Polisi Diduga Kriminalisasi Warga Konawe Selatan

Penulis : Aryo Bhawono

Hukum

Rabu, 29 November 2023

Editor : Yosep Suprayogi

BETAHITA.ID -  Polisi diduga melakukan penangkapan sewenang-wenang terhadap petani di Konawe, Sulawesi Tenggara. Walhi Sultra beranggapan penangkapan ini merupakan kriminalisasi. 

Sekelompok polisi berpakaian preman menangkap Ande bin Tokoano atau kerap disapa dengan Nderi, warga Desa Sandey, Kecamatan Angata, Konawe Selatan, Sulawesi Tenggara, pada Senin dini hari (27/11/2023). Saat itu, usai menari Malulo dalam acara adat, kerumunan warga Sandey mulai terurai dan desa mulai sepi. Tiba-tiba sekelompok orang berpakaian preman dan mengaku sebagai polisi memaksa Nderi untuk ikut bersama mereka. 

Awalnya beberapa warga tersisa menduga tindakan itu merupakan penculikan. Namun seorang dari berteriak bahwa mereka adalah polisi.

“Penangkapan itu adalah cacat karena polisi tidak menunjukkan identitas dan tidak menunjukkan surat penangkapan,” ucap Direktur Eksekutif Daerah Wahana Lingkungan Hidup Indonesia (Walhi) Sultra, Andi Rahman, ketika dihubungi melalui telepon. 
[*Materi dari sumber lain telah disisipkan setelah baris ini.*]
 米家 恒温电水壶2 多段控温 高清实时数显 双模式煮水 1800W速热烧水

Poster kampanye hentikan kriminalisasi masyarakat sipil Indonesia. Foto: LBH Pers

Andi mengaku, informasi yang diterimanya menyebutkan bahwa istri Nderi baru dikirim surat keesokan harinya. Pada surat tersebut Nderi disangka melakukan pembakaran lahan milik PT Marketindo Selaras (MS) dan dan dijerat dengan Pasal 187 Ayat (1) KUHPidana jo. pasal 55 Ayat (1) ke-1 KUHPidana dengan ancaman kurungan 12 tahun.
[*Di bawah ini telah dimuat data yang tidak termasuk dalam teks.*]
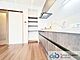 洗面スペースには防水パン付きの洗濯機置場があります。上部の棚は洗剤やタオルなどの収納に便利。

Menurut Andi, tindakan polisi merupakan upaya kriminalisasi. Sebanyak 8 desa di Kecamatan Angata, termasuk Sandey, ujarnya, tengah berkonflik dengan PT MS. Sudah lebih dari 20 tahun warga membuktikan penguasaan tanah, ditandai dengan adanya aktivitas masyarakat dalam pengelolaan lahan dalam bentuk perkebunan dan tanaman yang menjadi penghidupan masyarakat seperti sagu, jambu mete, jati putih, dan palawija sebagai bentuk kehidupan lokal yang perlu dilestarikan.
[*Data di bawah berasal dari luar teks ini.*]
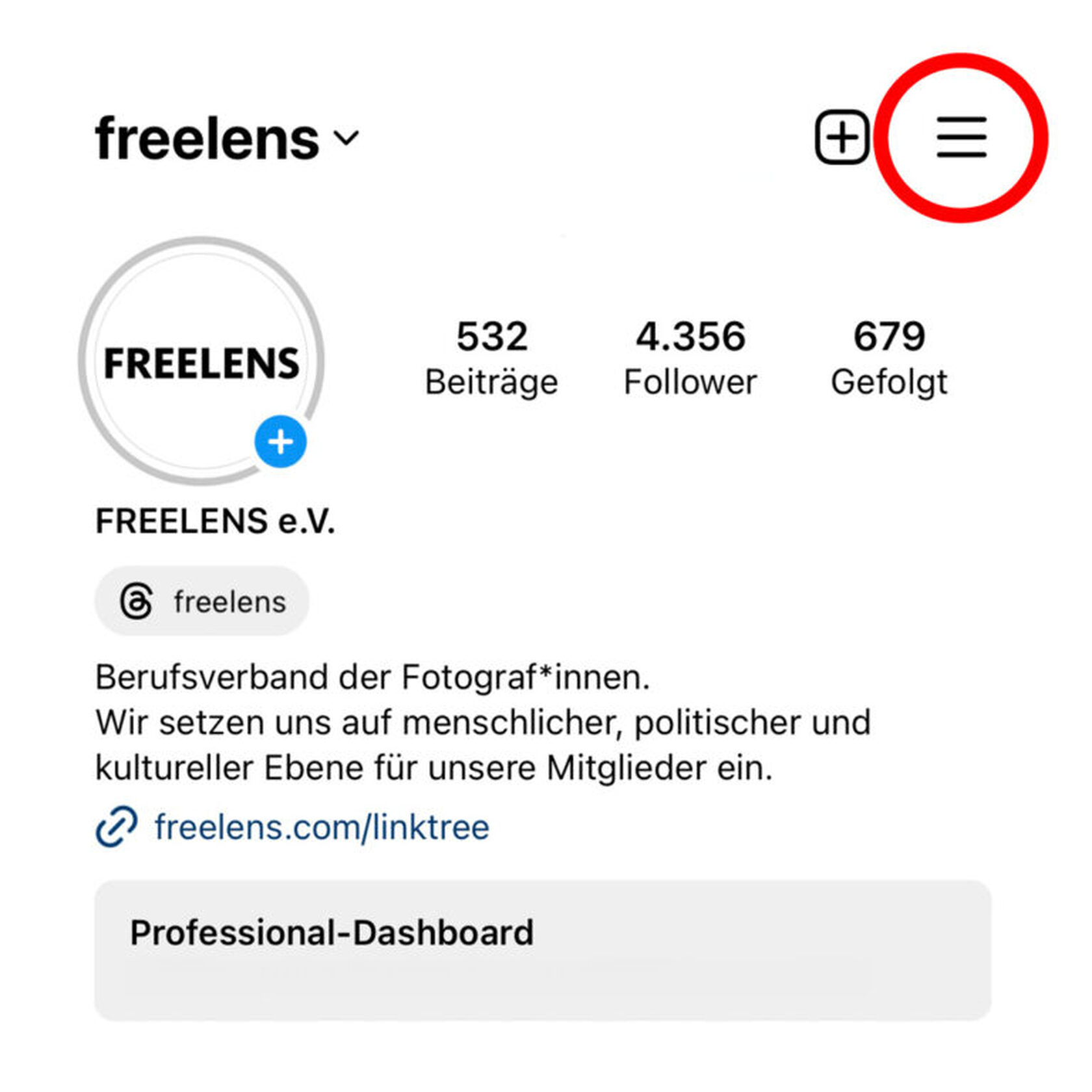 Schritt 1: Instagram-Profil öffnen und auf die drei horizontalen Striche klicken

Sesuai PP Nomor 24 Tahun 1997 Pasal 24 ayat (2), penguasaan tanah masyarakat terhadap tanah garapan selama lebih dari 20 tahun menjadi landasan untuk masyarakat Angata memiliki penguasaan tanah secara legal. Sedangkan PT MS mengklaim lahan seluas 1.300 hektare. 

“Polres Konsel secara terang melakukan kriminalisasi terhadap petani Angata dengan Pasal 187 ayat 1 juncto, Pasal 55 ayat 1 KUHP yang dilakukan serampangan dan cacat prosedural secara hukum dalam melakukan penangkapan hingga pelimpahan penahanan ke Polda Sultra,” tegasnya.

Andi mengungkap sejak tahun 2002, lahan garapan seluas 1.300 hektar dulunya diolah PT Sumber Madu Bukari (SMB), namun tidak pernah sah secara hukum. Sama halnya peralihan kuasa perusahaan ke PT MS pada tahun 2019, juga cacat hukum dan inprosedural.

Penetapan Hakim Pengadilan Niaga (PN) Jakarta No 33/Pailit/2003/PN.Niaga/JKT PST tertanggal 20 Februari 2004 menyebutkan aset yang dimiliki PT SMB, yakni pabrik gula seluas 66,24 hektar termasuk mess, kendaraan, tanah pelepasan kawasan Hutan 12.600 hektare yang di dalamnya terdapat lahan ploting 1.300 hektare yang terletak di Desa Motaha, Puao, Teteasa, Lamooso dan Sandarsi Jaya. “Akan tetapi dalam lampiran aset, lahan ploting 1.300 bukan bagian dari aset PT SMB,” tutur dia.